Every line below from the one containing "近日,教育部发布了第二批虚拟" through the one containing "Certified S925 Silver" must be transcribed exactly. Omit all lines outside that stretch.

● **Listed records**
- - -

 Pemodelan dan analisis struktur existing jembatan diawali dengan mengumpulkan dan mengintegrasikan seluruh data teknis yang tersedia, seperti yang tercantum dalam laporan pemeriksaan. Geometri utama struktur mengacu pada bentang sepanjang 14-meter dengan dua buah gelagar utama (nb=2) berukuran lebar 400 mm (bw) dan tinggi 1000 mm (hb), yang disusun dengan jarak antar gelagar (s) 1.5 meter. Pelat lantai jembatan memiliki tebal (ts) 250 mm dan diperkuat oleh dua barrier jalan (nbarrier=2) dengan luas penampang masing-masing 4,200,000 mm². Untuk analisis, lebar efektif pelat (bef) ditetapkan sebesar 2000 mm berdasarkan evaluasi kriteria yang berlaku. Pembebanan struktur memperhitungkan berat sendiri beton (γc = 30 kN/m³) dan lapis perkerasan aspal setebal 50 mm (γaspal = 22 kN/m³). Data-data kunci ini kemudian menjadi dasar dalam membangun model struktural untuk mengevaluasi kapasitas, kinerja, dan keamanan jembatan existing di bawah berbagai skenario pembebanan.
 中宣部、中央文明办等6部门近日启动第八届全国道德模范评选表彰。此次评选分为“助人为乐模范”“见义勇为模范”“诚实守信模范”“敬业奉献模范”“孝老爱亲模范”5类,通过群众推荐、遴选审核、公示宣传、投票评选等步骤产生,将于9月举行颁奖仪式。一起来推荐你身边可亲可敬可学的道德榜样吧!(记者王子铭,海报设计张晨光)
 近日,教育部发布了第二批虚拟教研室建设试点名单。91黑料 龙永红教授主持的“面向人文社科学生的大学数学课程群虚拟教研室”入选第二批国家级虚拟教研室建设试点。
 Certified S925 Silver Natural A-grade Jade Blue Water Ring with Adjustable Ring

- - -

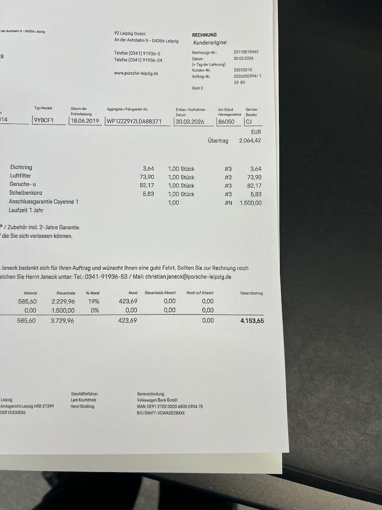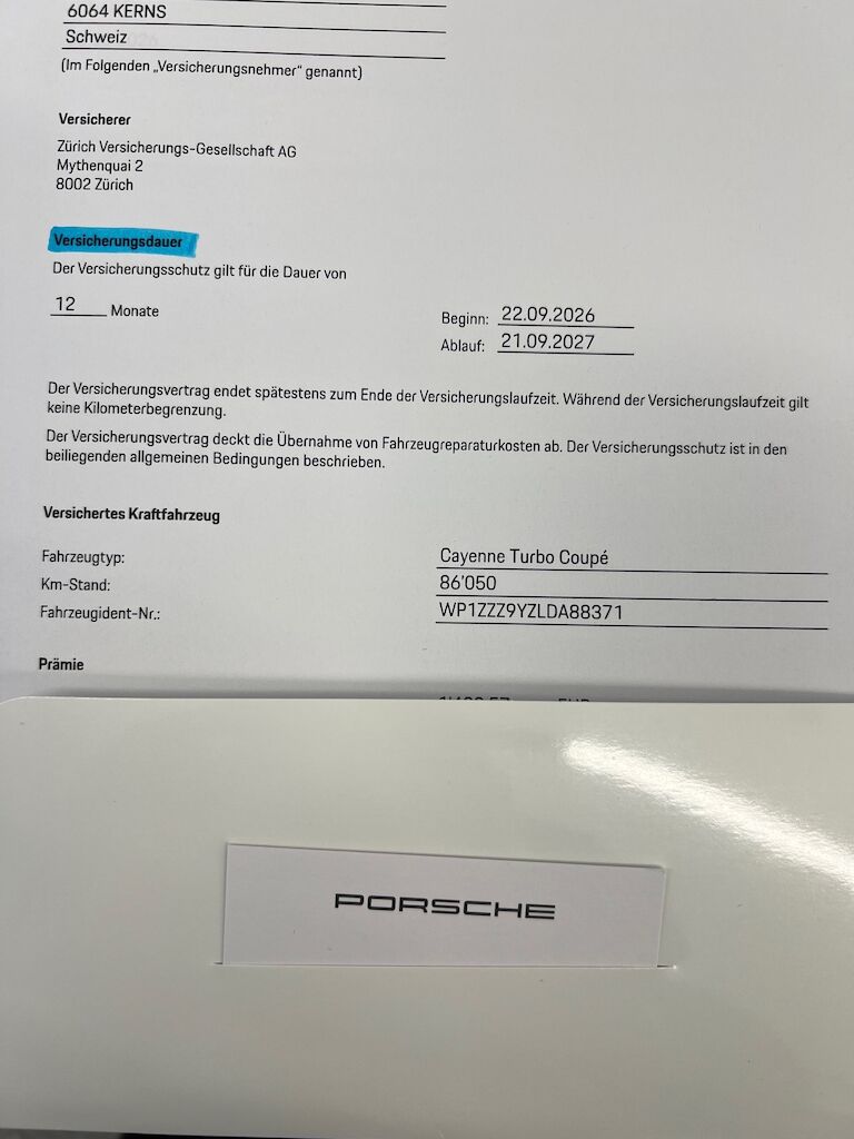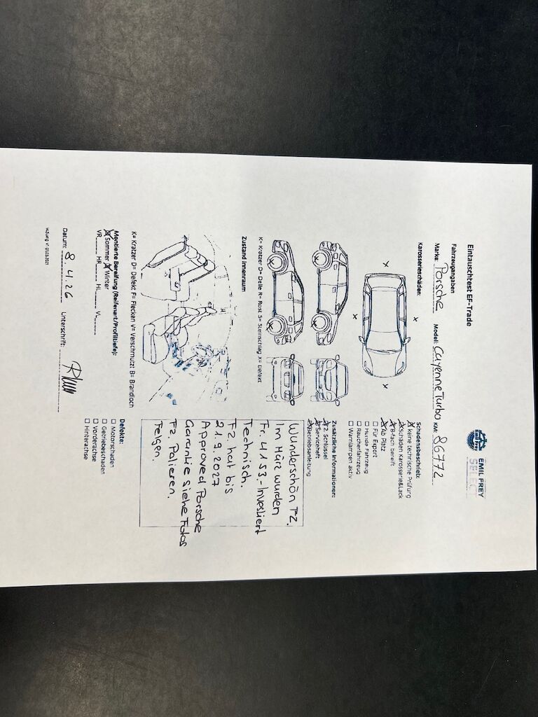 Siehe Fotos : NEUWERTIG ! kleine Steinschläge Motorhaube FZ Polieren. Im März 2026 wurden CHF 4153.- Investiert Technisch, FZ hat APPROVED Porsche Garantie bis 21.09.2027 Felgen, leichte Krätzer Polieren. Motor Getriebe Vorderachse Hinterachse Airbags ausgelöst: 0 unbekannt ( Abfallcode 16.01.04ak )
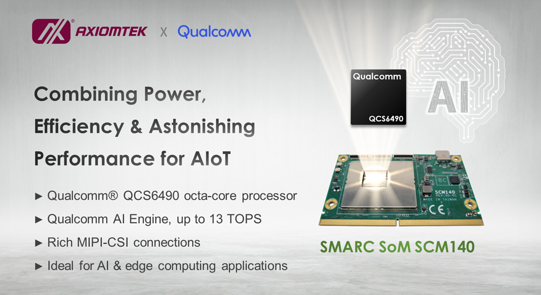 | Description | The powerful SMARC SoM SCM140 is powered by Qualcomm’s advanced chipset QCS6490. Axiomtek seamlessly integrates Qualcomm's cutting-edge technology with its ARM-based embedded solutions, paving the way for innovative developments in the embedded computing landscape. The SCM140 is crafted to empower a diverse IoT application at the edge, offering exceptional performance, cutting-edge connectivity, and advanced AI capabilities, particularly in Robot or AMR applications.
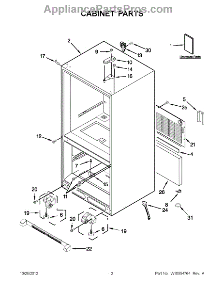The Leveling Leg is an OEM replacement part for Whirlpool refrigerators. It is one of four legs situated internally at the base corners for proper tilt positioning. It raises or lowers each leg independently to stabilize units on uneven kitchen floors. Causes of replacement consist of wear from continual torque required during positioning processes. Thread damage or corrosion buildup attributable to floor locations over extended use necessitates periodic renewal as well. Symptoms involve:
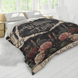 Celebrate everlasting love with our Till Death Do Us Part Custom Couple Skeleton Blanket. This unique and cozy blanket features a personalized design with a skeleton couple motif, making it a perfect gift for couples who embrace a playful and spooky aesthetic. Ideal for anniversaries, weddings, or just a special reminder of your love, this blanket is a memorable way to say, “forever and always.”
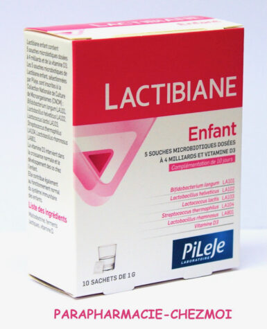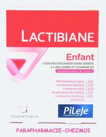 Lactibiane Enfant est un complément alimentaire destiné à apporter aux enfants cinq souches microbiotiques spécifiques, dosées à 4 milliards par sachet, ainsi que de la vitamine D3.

- - -

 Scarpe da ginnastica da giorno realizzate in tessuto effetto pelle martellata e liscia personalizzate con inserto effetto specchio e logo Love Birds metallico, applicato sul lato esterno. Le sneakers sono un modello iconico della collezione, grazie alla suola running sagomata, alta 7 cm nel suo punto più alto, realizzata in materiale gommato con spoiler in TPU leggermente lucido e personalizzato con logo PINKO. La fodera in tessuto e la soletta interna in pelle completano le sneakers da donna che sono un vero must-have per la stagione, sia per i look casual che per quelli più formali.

- - -

● **Output**
 近日,教育部发布了第二批虚拟教研室建设试点名单。91黑料 龙永红教授主持的“面向人文社科学生的大学数学课程群虚拟教研室”入选第二批国家级虚拟教研室建设试点。
 Certified S925 Silver Natural A-grade Jade Blue Water Ring with Adjustable Ring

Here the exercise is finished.